TEXT written by James L. Milligan (1925) based on Isaiah 40
TUNE: HEREFORD by Francis D. Heins (1878-1949)
ONLINE RECORDING: https://youtu.be/sb_QJwDrxJY
There are few musical masterpieces that are held in higher regard than The Messiah, that monumental oratorio written by G. F. Handel in 1741. Aside from the miraculous nature of its composition in just 24 days, we hold it to be one of the finest examples of scriptural texts set to music, one that still commands the attention and respect of the finest musicians the world over. Following the instrumental overture our ears are summoned by the call of a tenor soloist who, in a short recitative, gives voice to Isaiah’s assuring call for the people of God to be comforted by the news he was about to proclaim: that the days of Judah’s bondage in Babylon were over, and God was preparing a way for them to return to their homeland.
To those who left home and families to become part of the Way that Jesus of Nazareth set in motion, this prophecy was not about a bygone era when their ancestors were liberated by the Persians. Rather this was about them and their moment of deliverance from their subjection to Roman and Herodian rule. And the herald of this restoration was none other than that unusual prophet who called them to repentance in advance of God’s coming kingdom, John the Baptist. Even though he met an untimely and violent death at the hands of the king, this John was, for them, that voice crying in the wilderness to call the faithful back to their Lord.
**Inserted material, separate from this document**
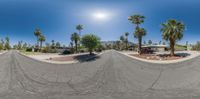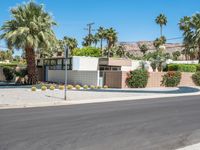 A residential villa in Palm Springs, California, USA, is seen against a clear sky, surrounded by classic mid-century suburban homes and asphalt roads, under the backdrop of the Sonora Desert and its iconic palm trees.

Isaiah’s prophecies had a powerful affect on the self-understanding of the first-century Church, helping them to not only find spiritual comfort and meaning in Jesus’s suffering on a cross, but giving them the eyes of faith to discern a pre-ordained connection between him and his predecessor, John. To them John was, both literally and spiritually, that voice crying in the wilderness that served notice that God was moving powerfully in Judea through the person and world of the carpenter from Nazareth.
“There’s a Voice in the Wilderness Crying” suggests to me at Advent not so much a declarative statement about an Old Testament prophet or even John the Baptist. Rather it puts to me, and perhaps to you, a question for our time. What voices, or more to the point, whose voices are we listening to in the wilderness in which we may find ourselves today. Are we attuned to the ubiquitous cacophony of voices delivered to us at every turn in this AI riddled world we now inhabit? Our phones, our emails, our televisions bombard us with more stations peddling more must have things we should order, immersing us in floods of frivolous entertainments than we can ever follow or appreciate, and jolting us with more breaking news than we can possibly digest or find a reason to care about. Even if we could take in all of this, and stay up on all that is must see or must hear , would we or should we really want to?
The voice that Isaiah and the followers of Jesus wanted most to hear was that of God speaking to them in the assuring words of hope and faithfulness. For it is attending to this voice, God’s voice, that our courage may be bolstered against all fears, and our perspective may be sharpened in distinguishing what is true and abiding from the barrage of noise and emptiness that so compels our attention and allegiance today. Yes, there is a voice in the wilderness crying, a voice that yet speaks even to us no matter what wilderness of fear, despair or existential angst in which now holds us captive. May we, can we, will we attend to that voice, God’s enduring voice, that can never be stilled? Perhaps this Christmas we will hear that voice, God’s voice making straight all the crooked places in our lives that the Lord our God may—and will—go with us.